Drop every picture and copy exactly the lines from the one with "Researchers applied hierarchical" through the last line of the listing below.

The data
+---+

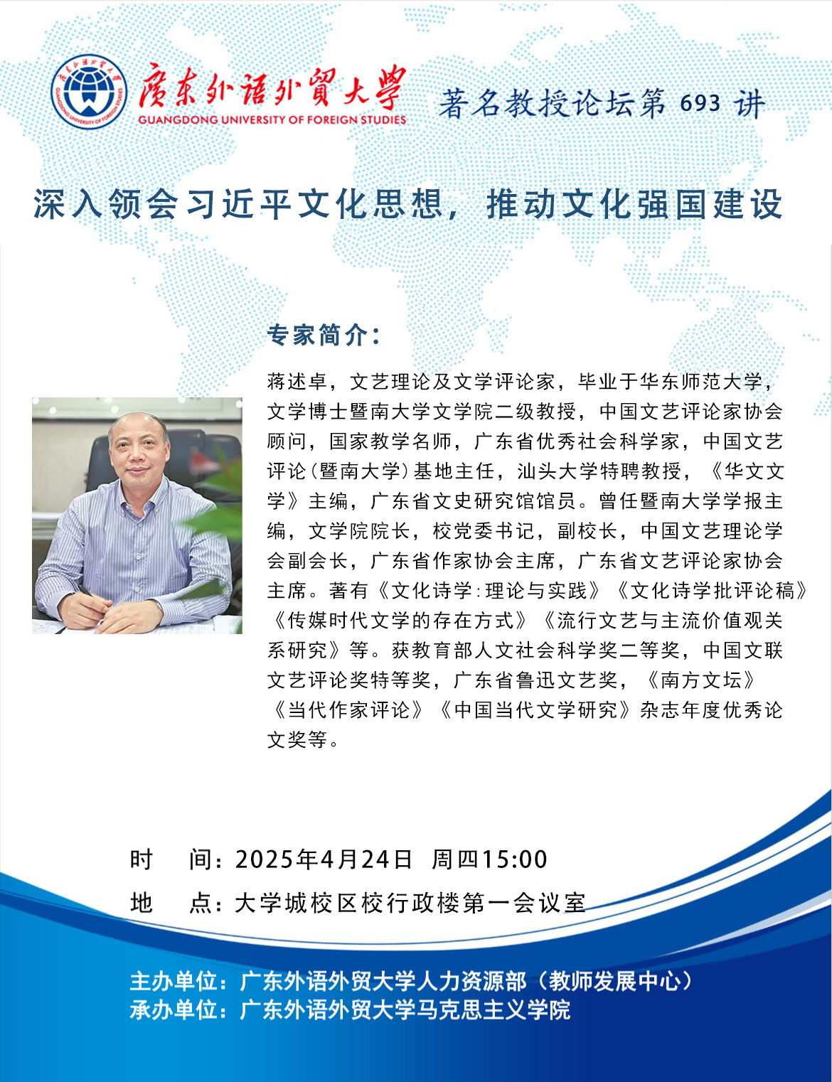 著名教授论坛第693讲暨云山教师思政工作坊第八期:深入领会习近平文化思想,推动文化强国建设
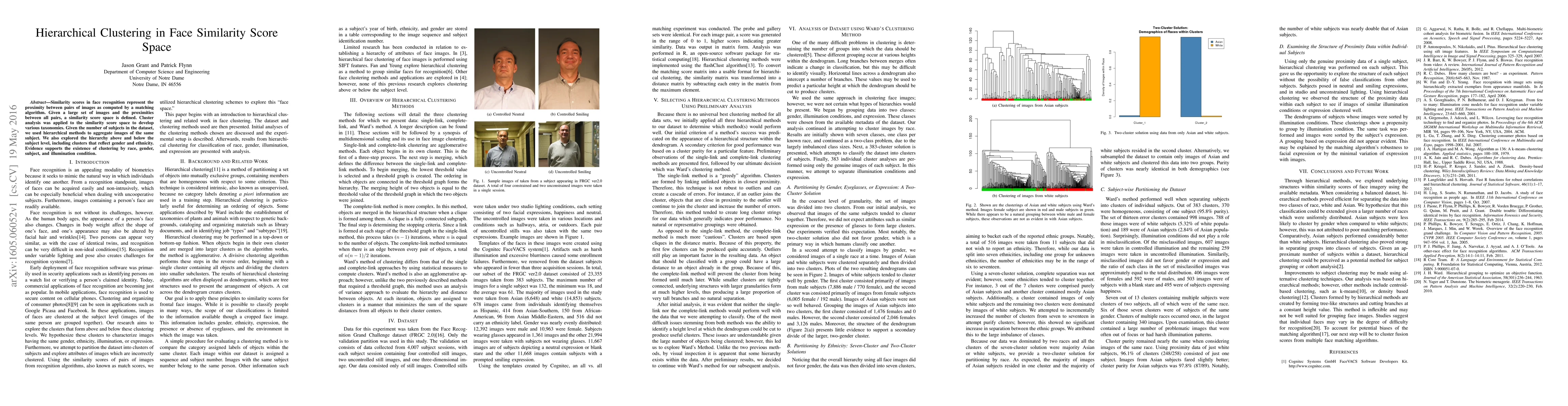 Researchers applied hierarchical clustering to face similarity scores to identify patterns in race, gender, subject, and illumination condition. The study found evidence of clustering by these factors, providing new insights into the organization of face recognition data.
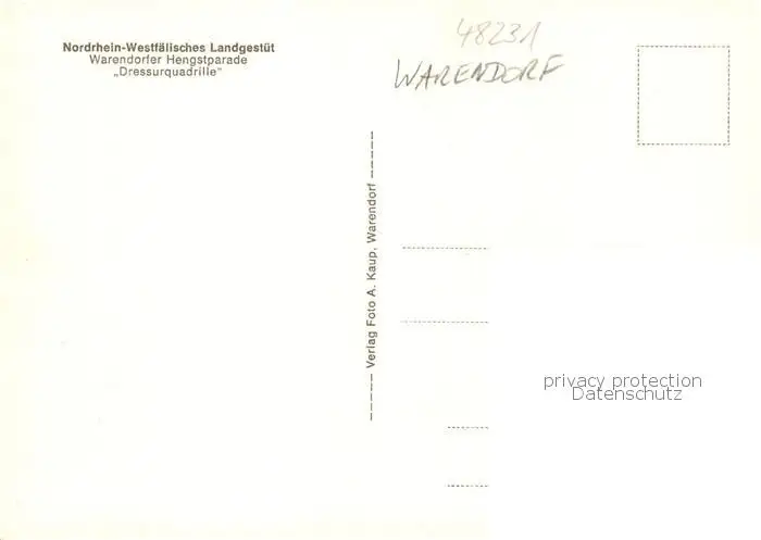 73865699 Warendorf Nordrhein-Westfaelisches Landgestuet Warendorfer Hengstparade Dressurquadrille Warendorf postalisch nicht gelaufen nach 1965 Erhaltung siehe scans [FriedD77] [Frierer ]

+---+

Written reply
 Researchers applied hierarchical clustering to face similarity scores to identify patterns in race, gender, subject, and illumination condition. The study found evidence of clustering by these factors, providing new insights into the organization of face recognition data.
 73865699 Warendorf Nordrhein-Westfaelisches Landgestuet Warendorfer Hengstparade Dressurquadrille Warendorf postalisch nicht gelaufen nach 1965 Erhaltung siehe scans [FriedD77] [Frierer ]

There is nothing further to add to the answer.